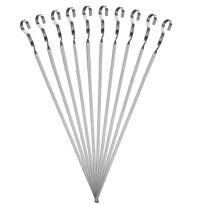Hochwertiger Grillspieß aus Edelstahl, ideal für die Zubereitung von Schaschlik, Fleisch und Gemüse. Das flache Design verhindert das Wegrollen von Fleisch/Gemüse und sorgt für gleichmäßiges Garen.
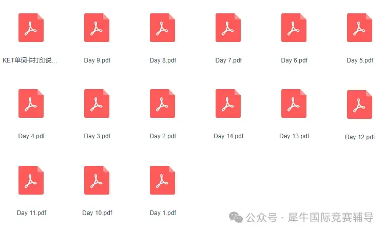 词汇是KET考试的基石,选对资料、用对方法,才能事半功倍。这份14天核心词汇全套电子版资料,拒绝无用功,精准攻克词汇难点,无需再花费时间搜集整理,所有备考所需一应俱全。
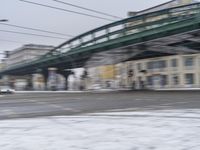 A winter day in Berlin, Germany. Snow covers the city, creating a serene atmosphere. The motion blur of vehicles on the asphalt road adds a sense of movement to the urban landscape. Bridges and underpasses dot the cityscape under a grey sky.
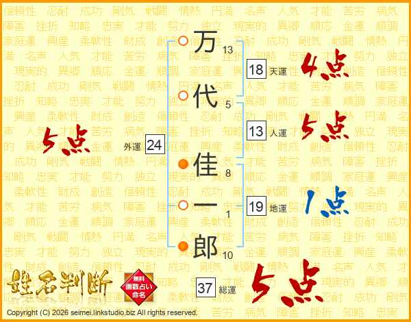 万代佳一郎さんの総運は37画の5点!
--
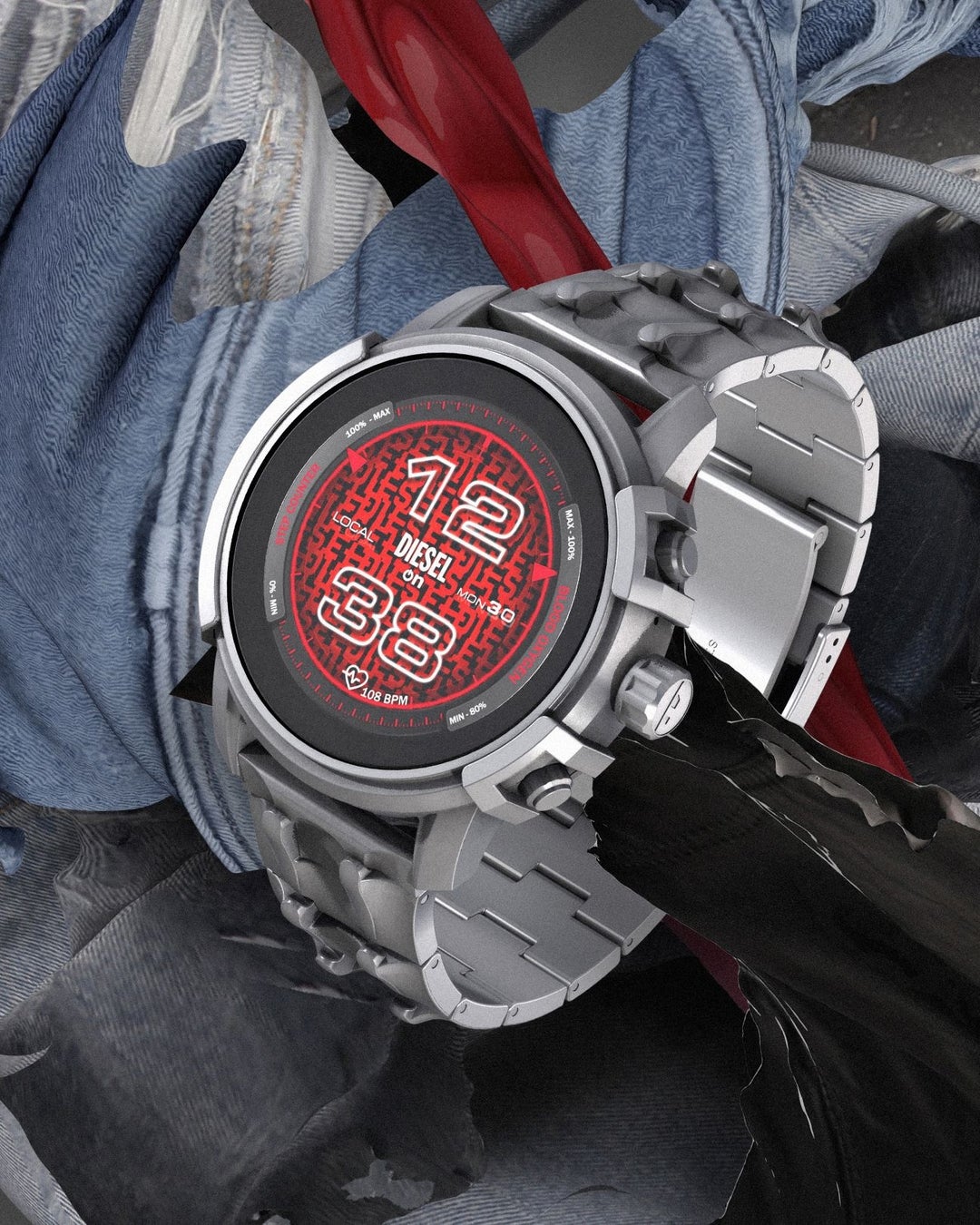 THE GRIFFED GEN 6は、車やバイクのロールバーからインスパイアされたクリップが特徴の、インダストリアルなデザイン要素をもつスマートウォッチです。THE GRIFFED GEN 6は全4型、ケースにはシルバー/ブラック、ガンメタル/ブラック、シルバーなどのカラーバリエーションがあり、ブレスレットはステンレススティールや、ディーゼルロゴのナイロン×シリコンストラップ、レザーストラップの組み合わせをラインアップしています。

### What the task requires
The lines above starting at the one that holds "Hochwertiger Grillspieß aus" and ending at the one that holds "万代佳一郎さんの総運は37画の5点!" are to be written out exactly, ends included, and no pictures are to be copied.

### Solution to the exercise
Hochwertiger Grillspieß aus Edelstahl, ideal für die Zubereitung von Schaschlik, Fleisch und Gemüse. Das flache Design verhindert das Wegrollen von Fleisch/Gemüse und sorgt für gleichmäßiges Garen.
 词汇是KET考试的基石,选对资料、用对方法,才能事半功倍。这份14天核心词汇全套电子版资料,拒绝无用功,精准攻克词汇难点,无需再花费时间搜集整理,所有备考所需一应俱全。
 A winter day in Berlin, Germany. Snow covers the city, creating a serene atmosphere. The motion blur of vehicles on the asphalt road adds a sense of movement to the urban landscape. Bridges and underpasses dot the cityscape under a grey sky.
 万代佳一郎さんの総運は37画の5点!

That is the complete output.